Na de biografische schets van Walvis door Abels, gaf een van de andere bezorgers van het manuscript, prof. dr. Jan Hallebeek, een nadere toelichting op de kerkstrijd waarin Walvis in Gouda verzijld raakte en waarbij hij fel partij koos voor de Cleresie. Dat het lijvige manuscript bij leven van Walvis nooit in druk verscheen, in tegenstelling tot zijn stadsgeschiedenis, kon volgens de spreker te maken hebben gehad met een gebrek aan financiële middelen. Maar evengoed zou het volgens hem een gevolg kunnen zijn van het feit dat Walvis niet behoorde tot de hoofdrolspelers in dit conflict en dat zijn teksten geen importante bijdrage zouden leveren aan het discours. Als bron voor de geschiedenis van de ‘gewone man’ is deze ‘kroniek’ volgens Hallebeek echter van onschatbare waarde, mede omdat Walvis kon putten uit tal van bronnen die thans niet meer beschikbaar zijn.
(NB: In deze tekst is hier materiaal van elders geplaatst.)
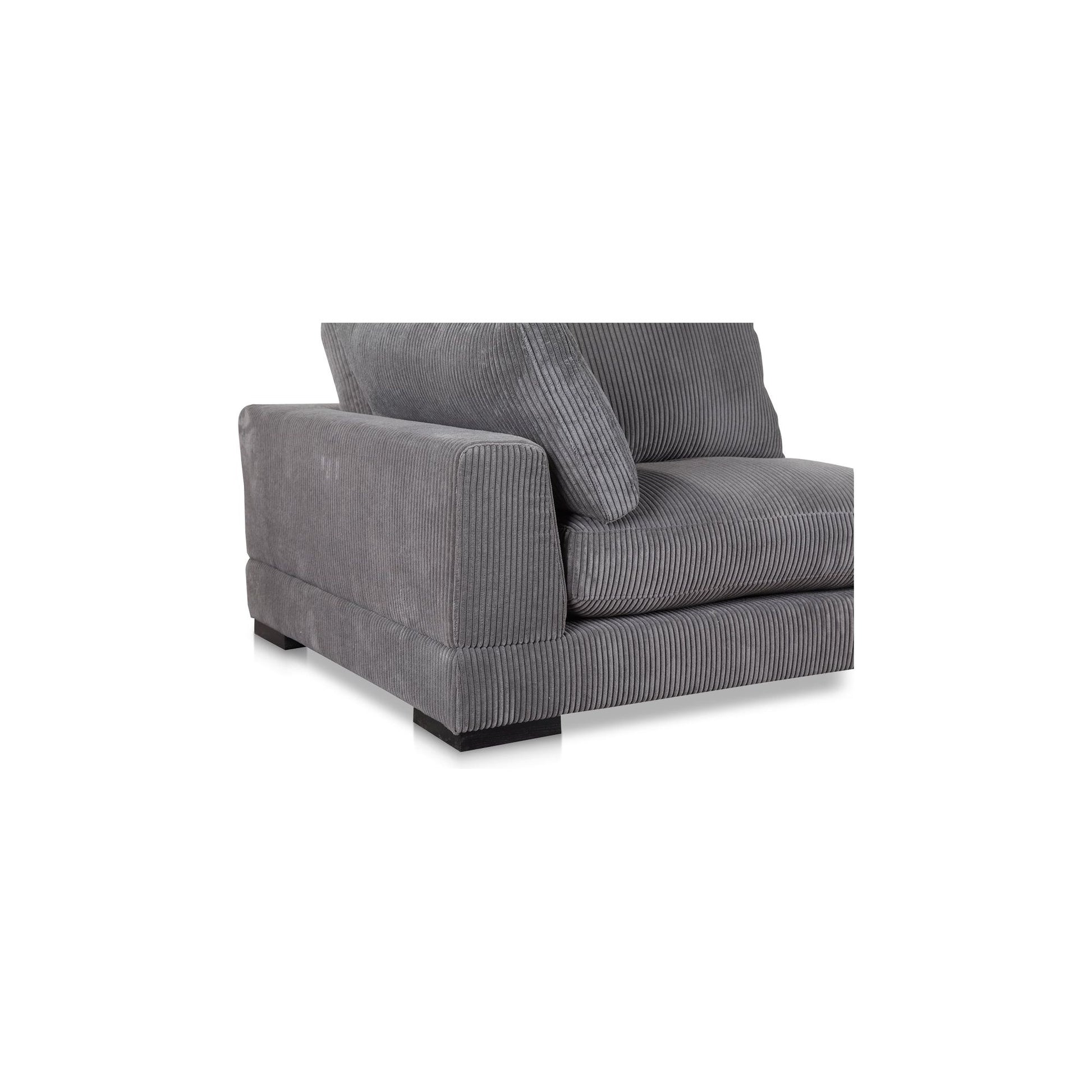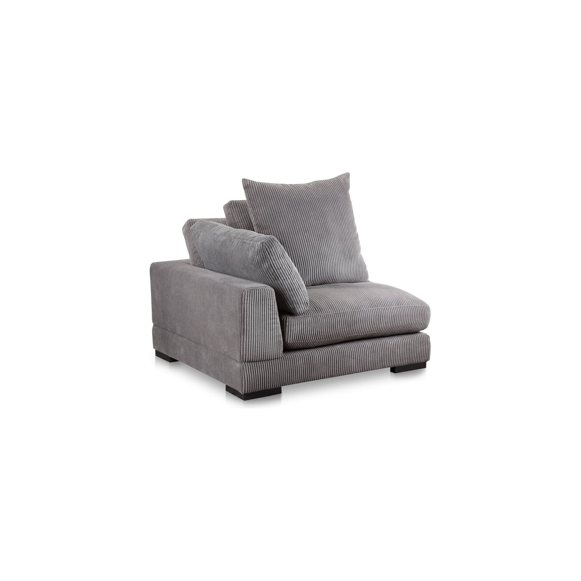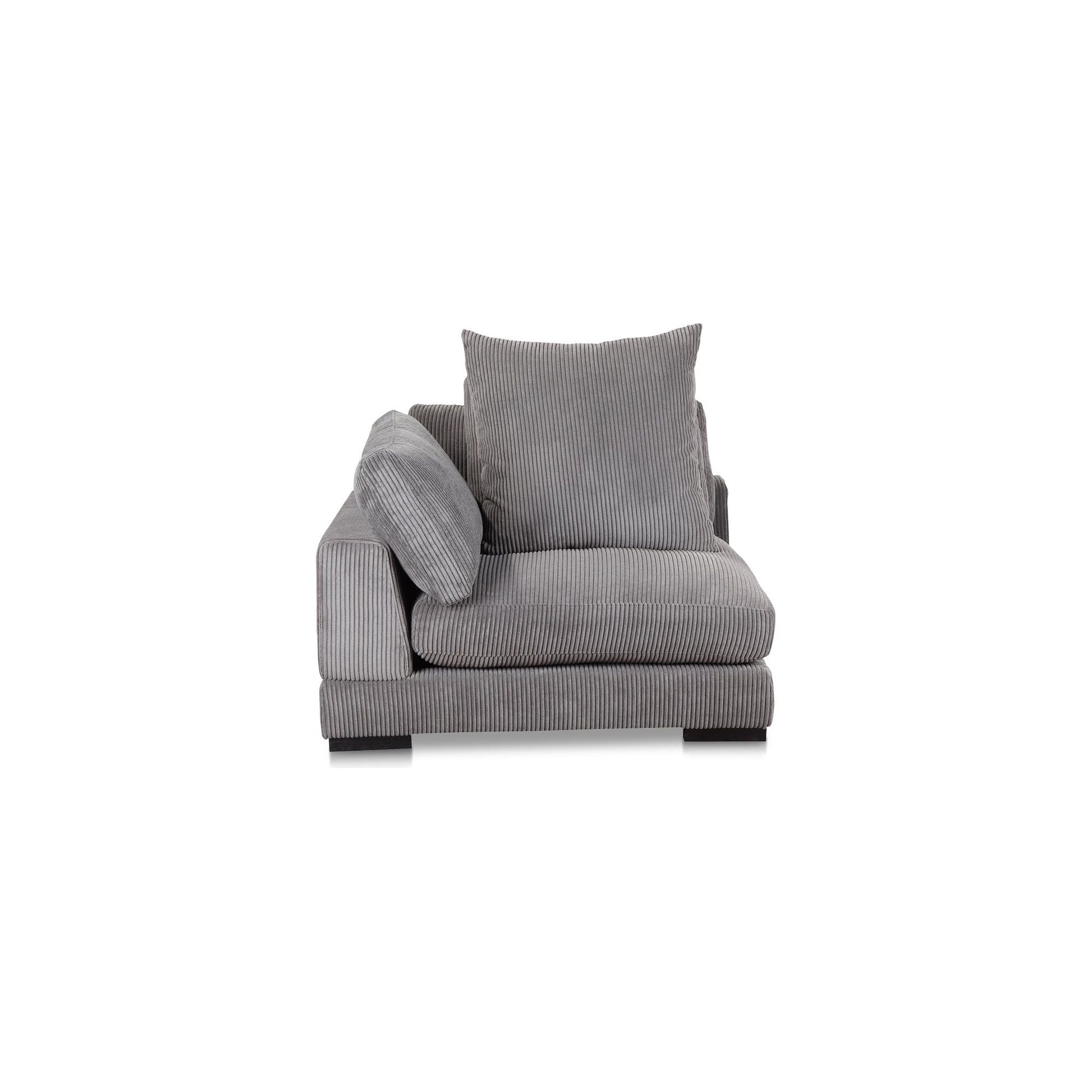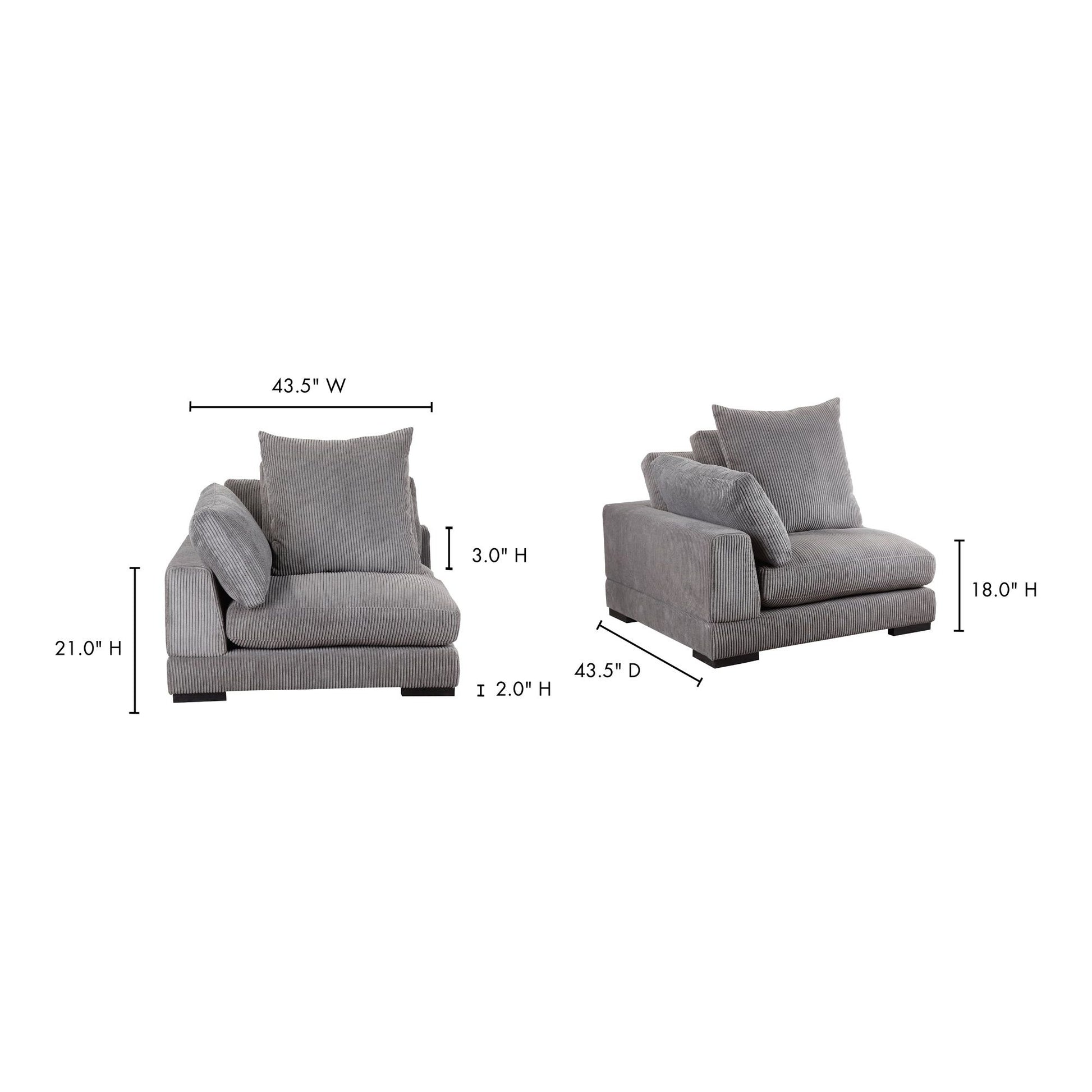 Une chaise d'angle idéale encadrée en bois d'eucalyptus massif avec des coussins de dossier supplémentaires entièrement rembourrés de duvet et amovibles. Le velours côtelé doux de cette chaise d'appoint ajoutera immédiatement de la dimension, de l'intrigue, de l'élévation et du confort à n'importe quel environnement.

Na de lezingen en de aanbieding van het boek gaven de voorzitter van het parochiebestuur, Gerard van der Veer, en aannemer Dioynisos een kleurrijk beeld van de restauratie van de pastorie. Daarna begaf het gezelschap zich deze naastgelegen pastorie, die volledig in oude luister is hersteld. Pastoor Schoon zegende het pand in door overvloedig wijwater met de kwast te sprenkelen, waarna in de fraaie pastorietuin op oud-katholieke wijze even overvloedig genoten werd van een andersoortig geestrijk vocht. De door ‘die Goude’ meegebrachte boeken vonden gretig aftrek, waarmee het Walvisproject na twaalf jaar op waardige wijze werd afgesloten. (Foto’s: Christa Abels en Marco Dekker)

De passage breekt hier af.